I love making ensaimadas—I'm always searching for recipes and trying new things. This one takes a lot of time, but if you can plan ahead, it's definitely worth it.
Ensaimada v3
I love making ensaimadas—I'm always searching for recipes and trying new things. This one takes a lot of time, but if you can plan ahead, it's definitely worth it.
Steps
- 1
The night before, make the starter. The * is because it's hard to measure such a small amount of yeast. What I did was weigh out the total amount (3 grams) and use a little less than half.
- 2
Mix everything together until you have a smooth dough—start with a spoon, then use your hands. Cover with plastic wrap and let it ferment overnight.
- 3
Since it's winter, I left it at room temperature in the kitchen instead of the fridge.
- 4
The next day, put all the dough ingredients into the bowl of a stand mixer fitted with the dough hook.
- 5
Knead until the dough reaches the windowpane stage. This means you can stretch a piece of dough between your fingers until it's almost transparent without tearing.
- 6
This process takes a while. I alternated kneading and letting the dough rest for about 1 1/2 hours, with 10-15 minute breaks. But really, let the dough tell you when it's ready.
- 7
Once the dough is ready, shape it into a ball and place it in a greased bowl. Cover with plastic wrap and let it rise for about 6 hours.

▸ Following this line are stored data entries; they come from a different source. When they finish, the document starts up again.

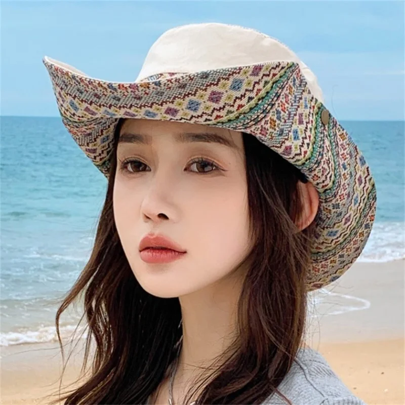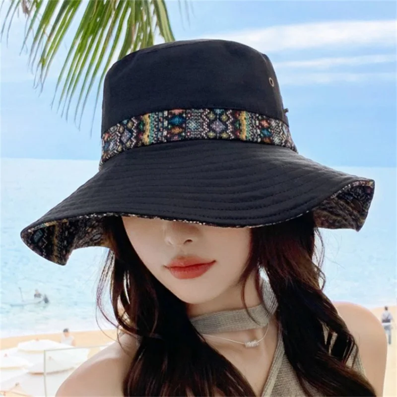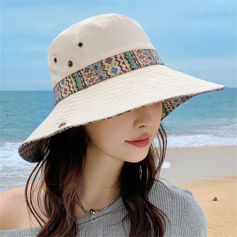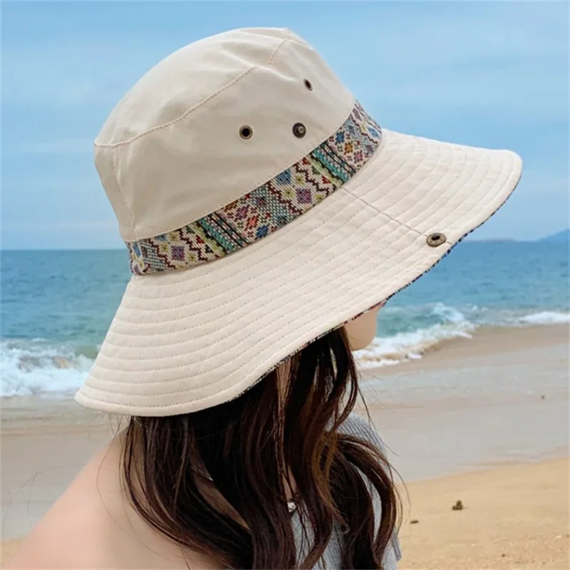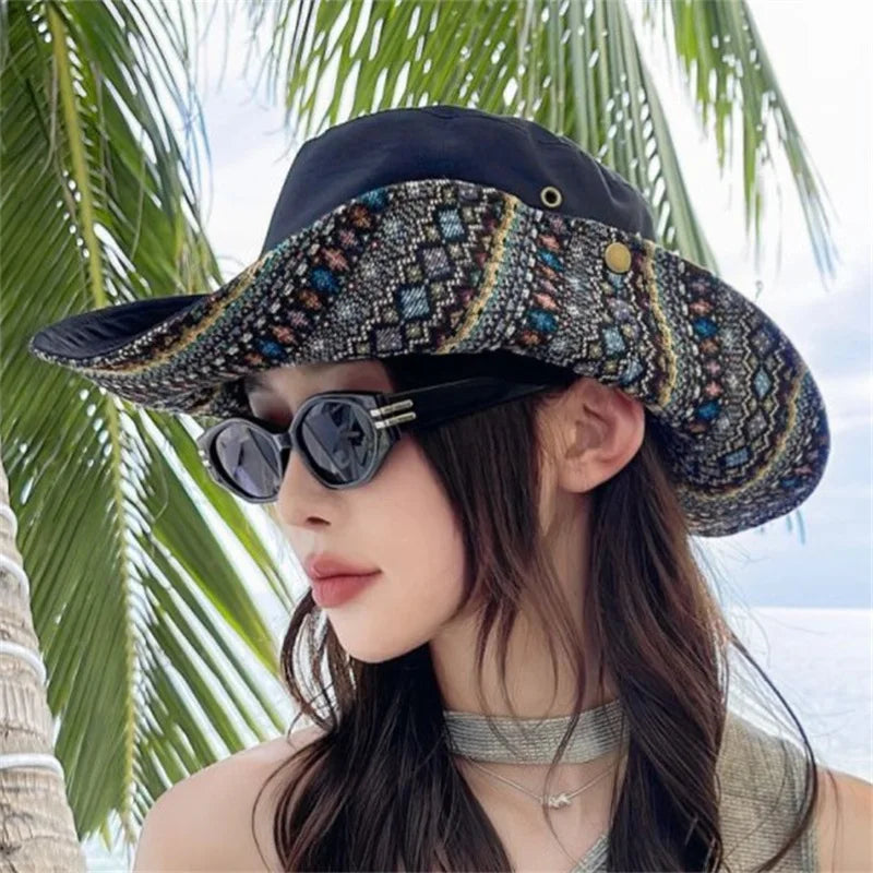Women Trendy Ethnic Fisherman Hat Summer Foldable Wide Brim Sun Protection Holiday Hiking Cap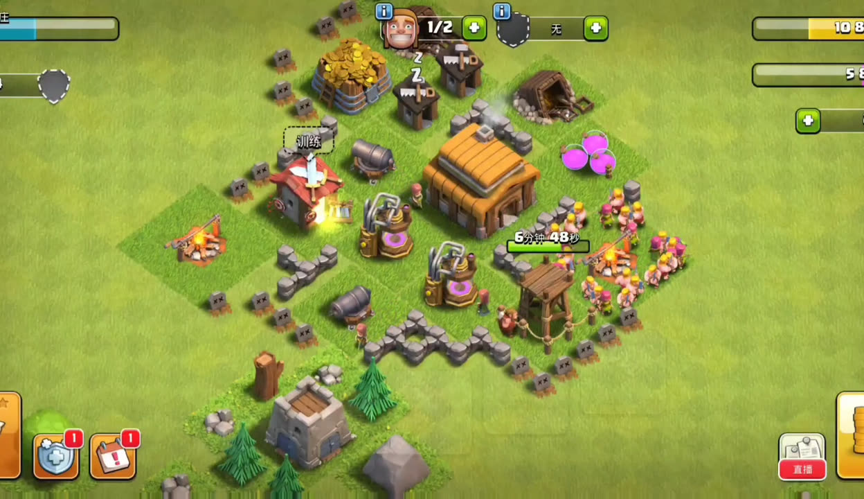 落兵时还要注意分散与集中的平衡,单一位置密集落兵易被敌方范围伤害防御团灭,过于分散则无法形成火力集中,通常采用“主点集中+两侧清边”的方式,主力在中间核心位置密集落兵,左右两侧各下少量部队清理边角建筑,保证大部队直线推进。面对环形阵型,可在对称两侧同时落兵,形成两面夹击;面对密集阵型,选择防御最薄弱的单点突破,集中所有兵力与法术快速撕开缺口。法术的落位也要配合兵种,治疗法术落在肉盾与输出部队密集处,狂暴法术覆盖主力推进区域,冰冻法术精准冻结核心防御建筑,让落兵后的部队输出最大化。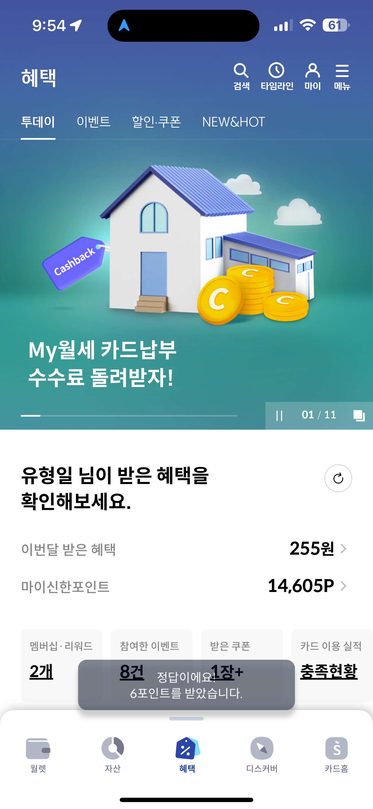 6포인트를 받았습니다. 포인트는 현금 전환이 가능하니 꼭 받으시고요. 여러분의 재테크를 응원합니다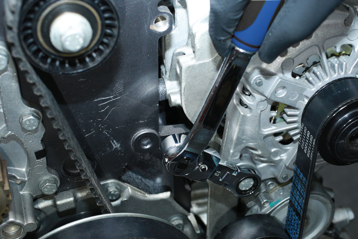 • Flexible 360° off-set ratchet handle with 5 interchangeable flexible ratchet heads: 13, 14, 15, 17, 19mm.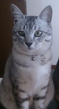 特徴 /白とグレーの縞模様(アメリカンショートヘアに似ていますが、サバトラのような模様です)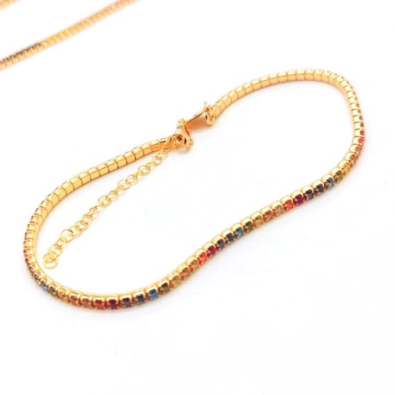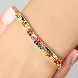 Wunderschönes Tennisarmband für besondere Anlässe! Mit funkelnden Regenbogen-Zirkonia-Steinen, die elegant glitzern. Verstellbare Schnalle, passt sich jedem Handgelenk perfekt an. Aus versilbertem Material, hautverträglich und langlebig. Perfekt für Partys, Dates oder den Alltag. Tolle Geschenkidee für Mutter, Freundin oder Ehefrau - zu Geburtstag, Weihnachten oder Muttertag. Einfach anlegen und strahlen! Macht jedes Outfit sofort festlicher. Ein Schmuckstück, das garantiert bewundert wird!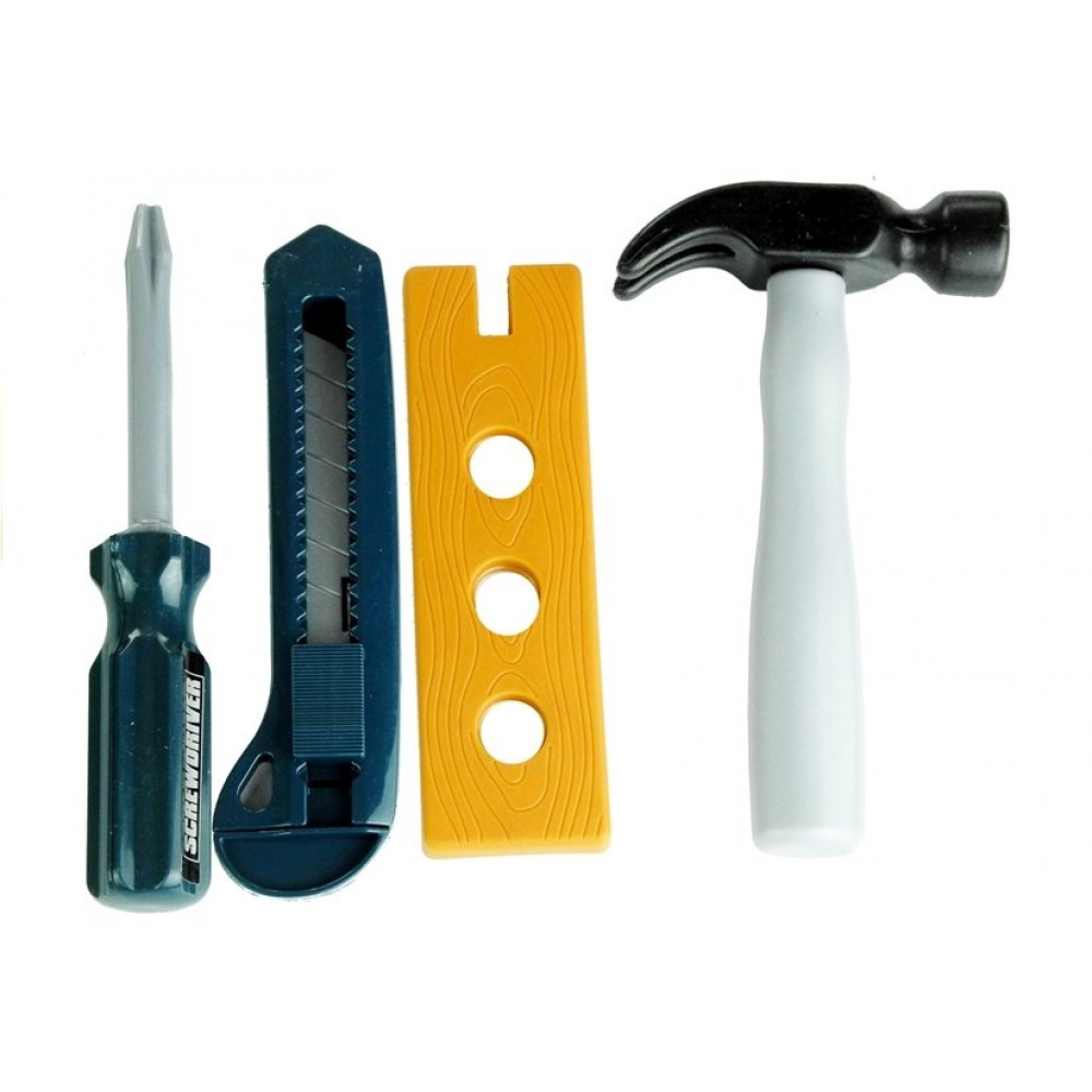 Multifunkčná sada náradia je vyrobená z plastu, ktorý je zodpovedný za nízku hmotnosť jednotlivých prvkov. Hračka sa podobá skutočným nástrojom, ktoré boli kombinované s jednoduchými neutrálnymi farbami- vďaka tomu sa bude dieťa cítiť ako skutočný majster. Veľkou výhodou hračiek je prispôsobenie ich rozmerov detským rukám, čo výrazne uľahčí ich použitie. Sada obsahuje: - skrutkovač - kladivo, - výmenný skrutkovač, - veľké klince - skrutky a matice - kus dreva, - nôž.

For example, I finished kneading at 11 a.m. and let it rise until 5 p.m.
- 8
At this point, divide the dough in half to make two ensaimadas.
- 9
For each one, roll the dough into a long strip about 12 inches by 2 1/2 inches wide (30 cm by 6-7 cm) and spread with lard.
- 10
Now, gently stretch the dough by lifting it from underneath with both hands and pulling outward as much as possible, little by little, until it's very thin—almost transparent—without tearing.
- 11
Spread plenty of lard all over the surface. If you want to fill it with 'cabello de ángel' (angel hair pumpkin jam), add a strip along the bottom edge now.
- 12
Roll the dough up into a cylinder without pressing, making as many turns as possible.
- 13
Let the rolled dough rest again so you can stretch it further—about 3 hours.
- 14
After resting, gently stretch the cylinder with both hands.
- 15
Shape it into the classic spiral on a sheet of parchment paper, leaving about 1/2 inch (1.5 cm) of space between the coils. Tuck the end slightly underneath.
- 16
Place the tray (you'll need two trays, one for each ensaimada) in the turned-off oven and let it rise slowly.
- 17
Ideally, let it rise until the spaces in the spiral have mostly closed up. Mine took 24 hours. Yes, 24!
- 18
After about 23 hours, take the trays out of the oven and preheat to 350°F (180°C).
- 19
Bake one tray at a time until lightly golden but not too dark, so it doesn't dry out—about 20-25 minutes.
- 20
I like to dust them with powdered sugar while they're still warm so it sticks a bit, then dust again before serving.
- 21
As always, you can eat them as is or fill them with whatever you like. I love them with whipped cream.